O niponino agora estava cheio, tinha gente que ia pra Chiaro di Luna, gente que estava voltando do Cerro Torre, e os dois dias seguintes prometiam ser bons! Nós tínhamos como plano inicial escalar a agulha La'S, pelo lado que estávamos, esse itinerário inclui uma caminhada de aproximadamente 6h, uma escalada de três enfiadas de 5 grau e mais umas 6h pra voltar pro camp. Devido ao cansaço acumulado demos por encerrada nossa temporada pelas agulhas de Chalén e voltamos pra cidade, caminhando em dois dias, bem lentamente, comendo toda a comida que restou e comemorando uma temporada de muita SUERTE!!!

DIAS EXTRAS

Ainda tínhamos alguns dias na cidade antes de voltar pro Brasil, escalamos uma via bem legal no Cerro Rosado com um vento que nos empurrava pra cima, fomos com o Bernardo e a Luciana em uma fissurinha de dedo bem dura em algum lugar no bosque, e no último dia, escalamos "La Nueva", no Paredón de Los Condores, uma via com cinco enfiadas curtas, com um crux de 7a bem estranho, e algumas passadas mistas bel legais!

Paredón de Los Cóndores visto da janela da barraca

Terminamos assim nossos 25 dias em El Chaltén, depois foram cerca de 30 horas de viagens até chegar em casa. Valeu DCC por mais essa expedição!! 

Próximo post vem com o vídeo da trip!

Boas escaladas!!!




segunda-feira, 2 de março de 2015

Medialuna - Chaltén 2015

DESCANSO E MUDANÇA

Após a chegada em Chaltén, caminhada pro polacos, escalada na Saint Exupéry, tudo relatado no post anterior, chegamos ao nosso 3° dia de janela, neste dia acordamos às 14h! Nosso único trabalho do dia foi, além de comer e dormir, desmontar acampamento em "polacos" e descer até o Niponino, onde montamos novamente a "carpa".

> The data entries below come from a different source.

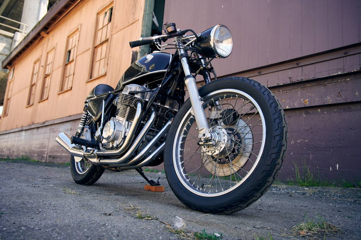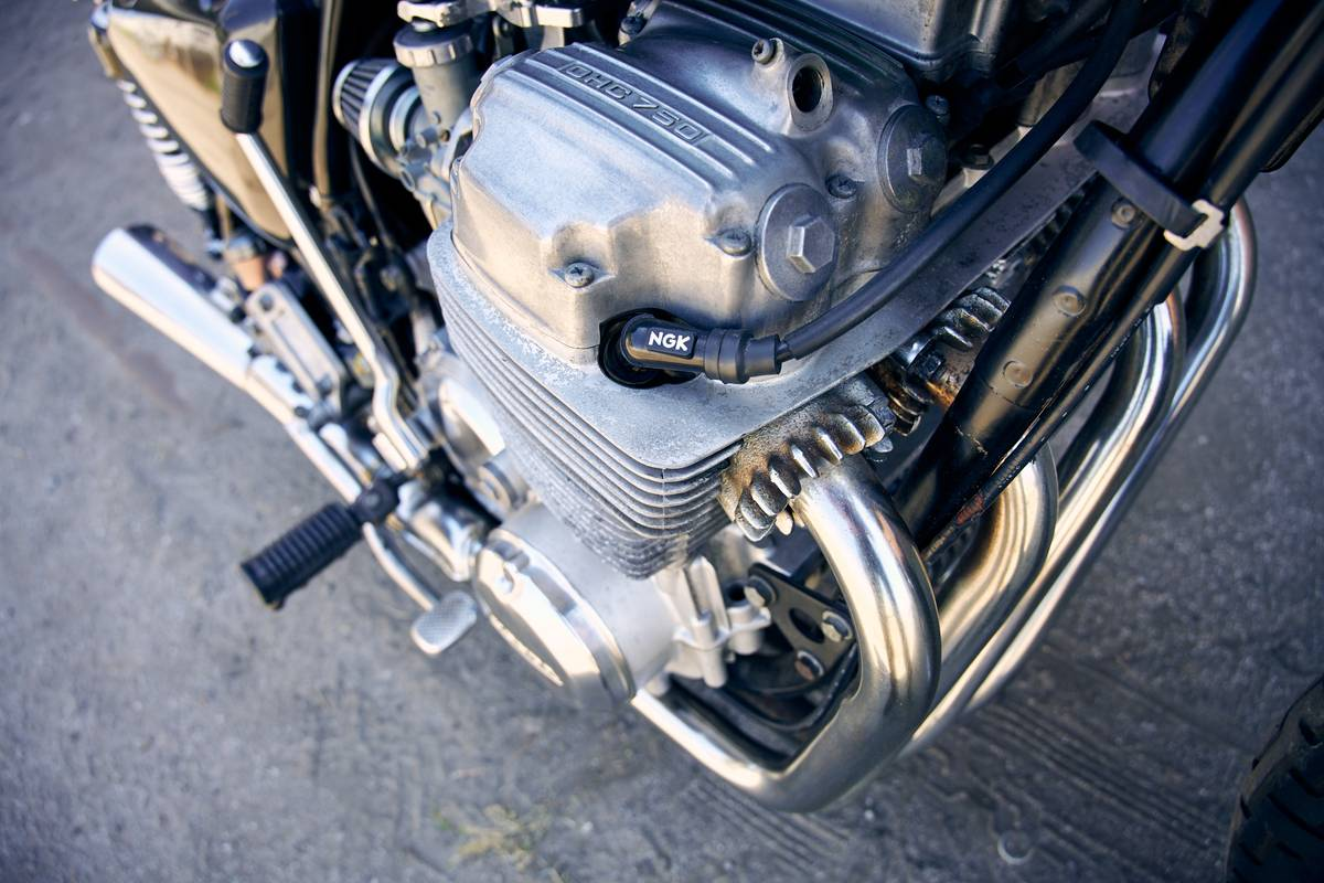 This one carries what looks to be a stock frame and era-appropriate—meaning Billy Joel tie skinny—wheels and tires. The 736cc SOHC inline four breathes through a quartet of Keihin side-draught carbs, as they should. These use the pair of lifting arms for throttle actuation. Other models used a four-into-one cable arrangement. The airbox has been given the heave-ho, with air-cleaning duties now handled by a set of individual cone filters.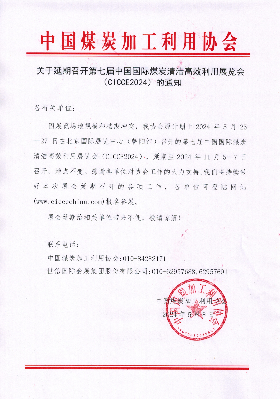 关于延期召开第七届中国国际煤炭清洁高效利用展览会(CICCE2024)的通知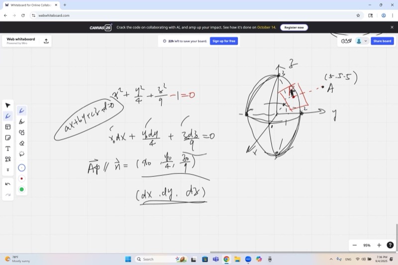 | Normal to ellipsoid at \((x_0, y_0, z_0)\) | \(\vec{n} = \left(\frac{x_0}{a^2},\; \frac{y_0}{b^2},\; \frac{z_0}{c^2}\right)\) |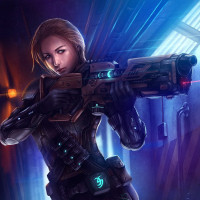 looking weapon, which could be a rifle given its design and the way she's gripping it. Her outfit has a high-tech appearance, featuring intricate designs and possibly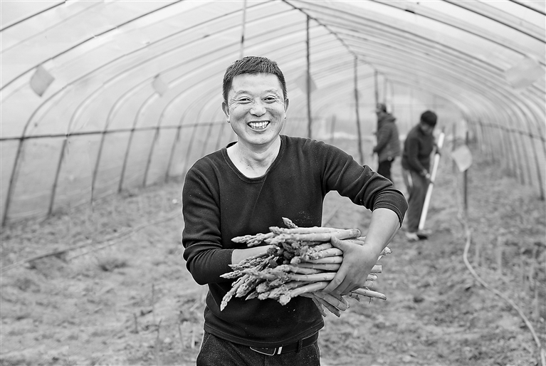 ◀日前,在万年县万水家庭农场芦笋种植基地,农民正在采摘芦笋。基地内芦笋长势喜人,亩产可达2000公斤,亩均收入3万余元,产品除本地畅销外,还远销南昌等地。特约通讯员 徐声高摄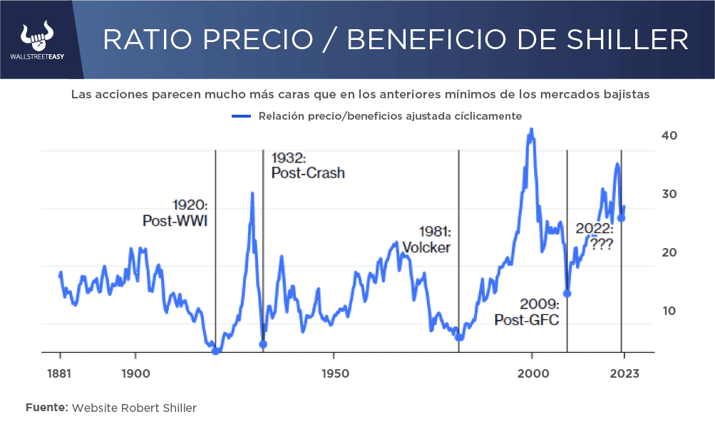 Ahora veremos algunos argumentos a favor de que estamos viendo solo un rally dentro de un mercado bajista, en primer lugar, el mercado está demasiado caro, y es que los mercados alcistas comienzan cuando las acciones están baratas. La valoración del mercado actualmente es demasiado alta para esto. El siguiente gráfico marca todos los fondos anteriores del mercado bajista desde la década de 1920 junto a la relación precio / beneficio de Shiller.

Niponino é um local de bivaque/acampamento mais centralizado, no meio do caminho pras vias das cadeias do lado do Torre e do Fitz, o nome é esse porquê ele não é nem (ni) Polacos (po), nem (ni) Noruegos (no, outro" camp avançado" pro rumo do Torre).

Nova casa - Niponino

MEDIALUNA - VIA RÚBIO Y AZUL (6C, 350m)

Acordamos no dia seguinte às 3:30, comemos um sanduíche que deixamos pronto na noite anterior com um pouco de café solúvel (esse foi feito na hora), a idéia era sair cedo pra ninguém entrar na nossa frente dessa vez, iniciamos a caminhada às 4h.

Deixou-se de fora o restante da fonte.